What do we do when Gchat is down? We freak. Over and over again. We yell at the top of our lungs, which hurts, sort of, because we rarely speak aloud at this time of morning, "What have you done to me, Google!!!!????" We shake our fists at the grey sky, grey to portend the tearing away of something we hold near and dear to our Internet hearts and lives. Our main form of communication has been ripped from us, leaving an unspeakable gap to fill. What to do?

And then something from the furthest regions of our brain comes forth, something we remember vaguely, what were those 3 little letters, those You've Got Mail-esque vibes, the whooshing sound of a message sent, the slightly less whooshing sound of a person leaving a chat? Remember ... AIM? AOL. Instant. Messenger.

Remember! Of course we remember, we remember it like we remember that beloved elderly relative whom we really should call, if not visit in person. It's not been a part of our day-to-day lives for years, yet we still hold a fondness for it. It was so important, way back when; a friend we saw hourly if not nearly every minute. Work was done here. Plans were made, and so were jokes. There were flirtations and then breakups, even, and the ensuing need to "go invisible" and block people. If we can dredge them up, we find we still have our AIM names ... what was ours? Something missing a certain amount of letters? We open our iChat, because that's where we used it, a shift we made at some point in the mid-to-late 2000s, and there we are! We have a conversation, with our current boss!

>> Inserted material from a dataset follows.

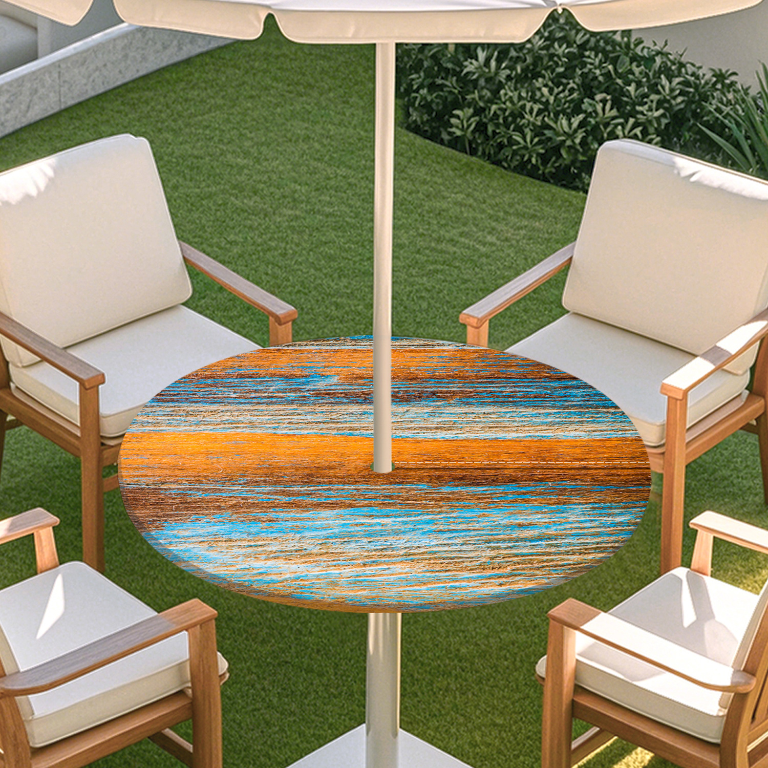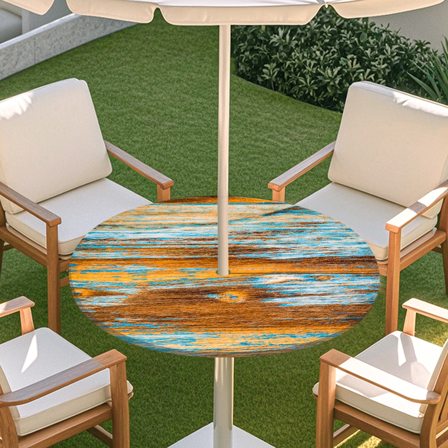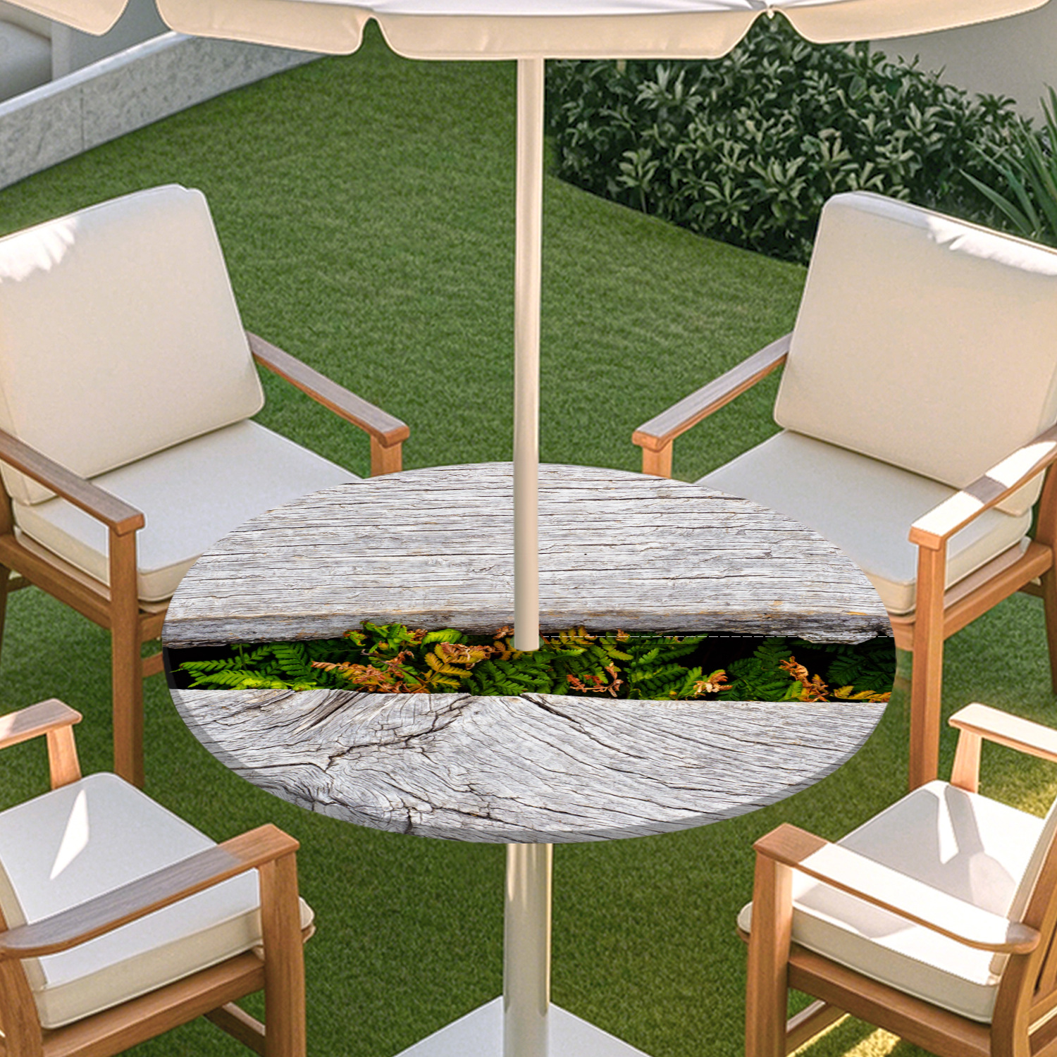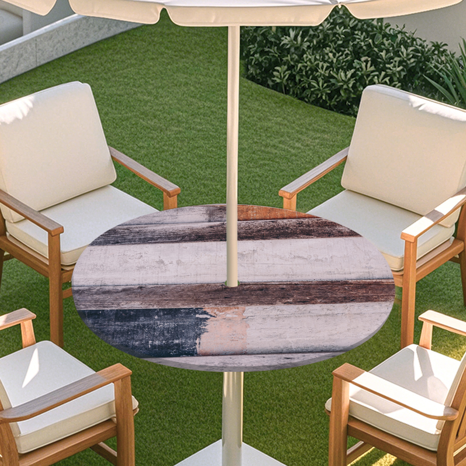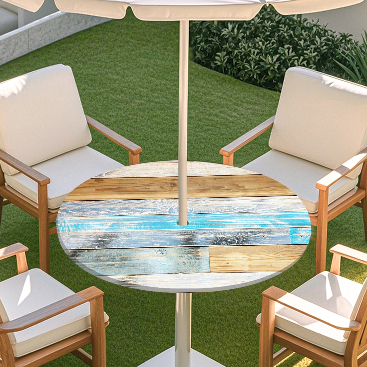 피크닉 매트 캠핑 식탁보 나무 질감 패턴 지퍼 테이블 커버 방수 탄성 밴드 테이블 커버 야외 우산 구멍 식탁보스토어 가기

It feels like the old days, and yet, we have changed, we are in another life now. This name, why was it a good idea to leave out the "e" in Jennifer? When did I call myself "Jennifer"? What is that old photo, something taken in an apartment lived in many years ago, and who are these strange "buddies" listed, odd names like fishfish and weinerdog, zukeface and uncomfortableb? Why are so many of them "offline," now that we really need them for support? In fact, only two are online, neither of whom it appears I used to date, so I reach out to one, whom I think I remember was a photo editor at Radar, a magazine that has since perished. Hark! It is, and she remembers me, too! We enjoy a cheery reunion. For some, it seems, AIM is not just a backup plan, but remains a daily reality.

Elsewhere on the Internet (thank God for Twitter), others have caught on that this is, indeed, a fine plan B, presuming one can remember that long-unused login and password. As a functional communication method, it is, in fact, much easier than the one-sentence email that others have been resorting to, which seems oddly sort of wasteful, or excessive, desperate tweeting. Or worse,  the lack of any communication at all, sitting and spinning alone, friendless, on the Internet. Except then some stranger tries to contact me, asking "Are you online?" Of course I'm online! Who is this person? I have no idea. I sign off. 

Taking a positive stance, we think, maybe this temporary lack of Gchat has been refreshing, freeing, eye-opening. Certainly it's less stressful not having that incessant pinging in the background to attend to as if it were a human command. Maybe this has even helped us get a little more work done. Maybe? Still, we admit, we'll feel far more comfortable when the green dots allow for actual relationship interactions as opposed to this false sense of calm. AIM may be good in a pinch, but it's a bit like using a landline in an iPhone world. (Others more multi-talented than we are—including one friend with three Gchat and two AIM accounts, integrated via Adium—weigh in to inform us that they still use AIM all the time.)